### [How to complete this task]
Exactly reproduce the lines from the one holding "1995年、2000年、20" through the end of the records, including both boundary lines but no pictures.

Stored records
_ _ _ _ _ _ _
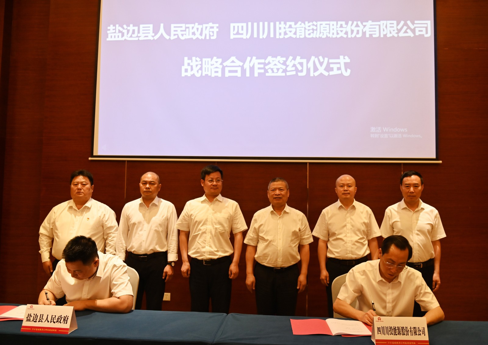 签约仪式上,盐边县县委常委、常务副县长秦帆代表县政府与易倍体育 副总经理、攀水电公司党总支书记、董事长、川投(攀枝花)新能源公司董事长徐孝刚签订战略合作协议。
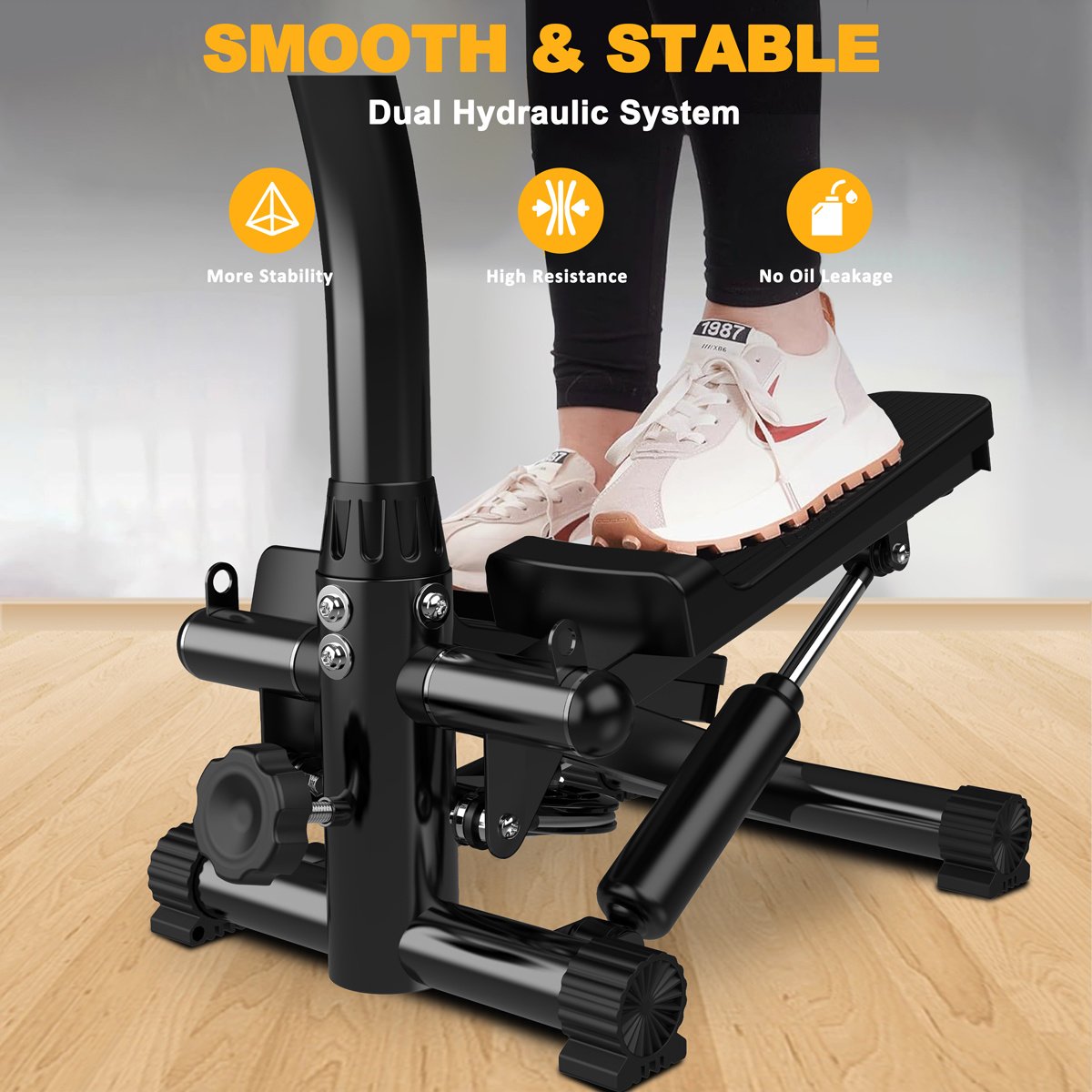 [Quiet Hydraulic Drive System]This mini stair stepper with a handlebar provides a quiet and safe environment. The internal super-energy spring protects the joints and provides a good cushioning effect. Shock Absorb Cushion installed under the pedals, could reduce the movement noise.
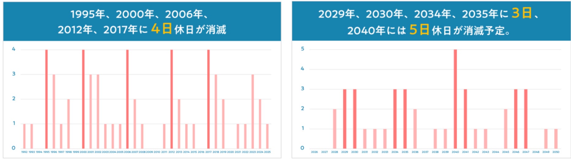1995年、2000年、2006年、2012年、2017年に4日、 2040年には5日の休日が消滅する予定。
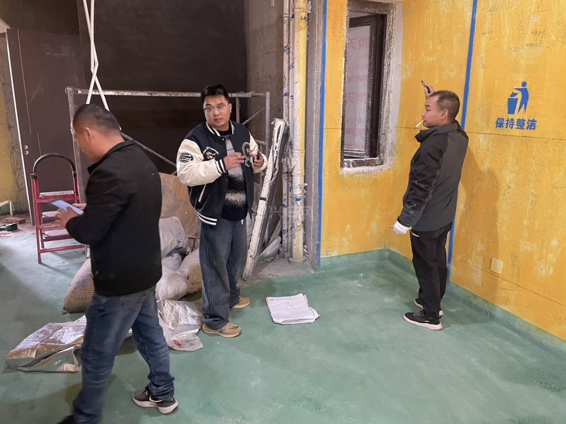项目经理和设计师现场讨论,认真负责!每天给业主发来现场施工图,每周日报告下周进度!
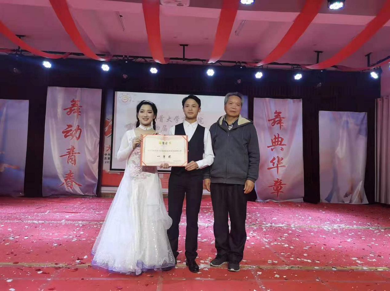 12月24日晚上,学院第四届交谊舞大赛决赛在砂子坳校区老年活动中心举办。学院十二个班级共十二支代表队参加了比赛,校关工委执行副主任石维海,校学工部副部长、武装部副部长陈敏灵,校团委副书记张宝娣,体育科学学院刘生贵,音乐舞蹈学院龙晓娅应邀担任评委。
_ _ _ _ _ _ _
### [Response to this exercise]
1995年、2000年、2006年、2012年、2017年に4日、 2040年には5日の休日が消滅する予定。
项目经理和设计师现场讨论,认真负责!每天给业主发来现场施工图,每周日报告下周进度!
 12月24日晚上,学院第四届交谊舞大赛决赛在砂子坳校区老年活动中心举办。学院十二个班级共十二支代表队参加了比赛,校关工委执行副主任石维海,校学工部副部长、武装部副部长陈敏灵,校团委副书记张宝娣,体育科学学院刘生贵,音乐舞蹈学院龙晓娅应邀担任评委。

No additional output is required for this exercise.